How long can this go on is the real question? This current cycle of increased value in apartments started near 2010. In 2009 the twin cities saw an average of $60,000 per unit on buildings sold. Currently we are seeing an average north of $120,000 price/unit on buildings sold. Rent continues to increase, which is great for the bottom line, but this is making it less affordable to rent. When will the millennial generation decide that it is time to buy and when will others start to find a roommate in order to be able to afford to live? As the generation that we are all counting on to boost our rental income decides to buy and others double up, where will rents and vacancies go? As rates continue to increase, will investors be able to purchase for such high prices? Many factors in my mind could lead to a collapse or at least a correction in the Apartment market:
1. Un-employment rate increase
2. Interest rate increase
3. Rent rate decrease
4. Vacancy rate increase
5. Concession’s increase
6. Single family market values dropping
7. Historical trends that markets have 10-15 year swings
The question in my mind is not if this will happen, but when this will happen? Buying a property at market rate may create some cash flow today, however, if the market drops the investor may be out of luck. Even if the cash flow can pay the bills, the investor may not be able to sell. After 5 years their balloon mortgage that they got at 4.5% is now due or needs to be refinanced. If rates are at 7+% the asset is now a liability.
What can you do?
1. Buy in markets that have potential to increase in value. Looking for lower priced markets, with affordable rents and growing economies is a great way to hedge against future loss.
2. Buy value add properties. Buying properties that have issues today that your team can fix through physical renovation and management strategies will increase your net operating income (NOI). This in-turn will increase the value of the property. The key is not to refinance all the value out of that property.
3. Get long term debt on the property.
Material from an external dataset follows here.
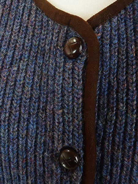 ブルーベースのニットにカラフルな糸が

If you can obtain 10 year or better balloon on your note, then you will have ample time for principal reduction. The last thing you want is to have a cash flowing building that you bought at a 7 cap and in 5 years when the market has corrected you are not able to refinance because the current market is selling at an 8 cap. That can happen after the 10 year mark as well, but if you followed step 1 and 2, then you are sure to have enough equity to weather the storm.
My suggestion is to weigh your options. Is this the best market to buy in or sell in? In markets like this you can profit a great deal as a buyer if you can buy a building and add true value to it by increasing the net operating income (NOI or gross profit – gross expenses) and sell it before the market crashes. This is a game of calculated risk, but can yield huge profits for those fortunate enough to sell before the crash. Be careful of buying for future value increase based on market conditions vs forced appreciation through a value play. Also be careful of thinking you can renovate a property to add value. That may not be the case in the sub-market you chose. The best strategy is to buy for cash flow and use all other strategies as the icing on the cake.
As a seller, one needs to decide if the profit is worth exiting. You also need to decide if you feel the market will continue to increase or be stable while you hold on to your asset and if it does decrease if you can sustain a prolonged downturn. Considering the potential tax implications of selling and the loss of tax advantages and income is important as well. If you want complete a 1031 exchange, understanding what asset class you will purchase is important and what market you will purchase in. Are you going to swing to commercial such as industrial, office space, retail or will you stay in apartments and perhaps invest in a market that has appreciation to gain?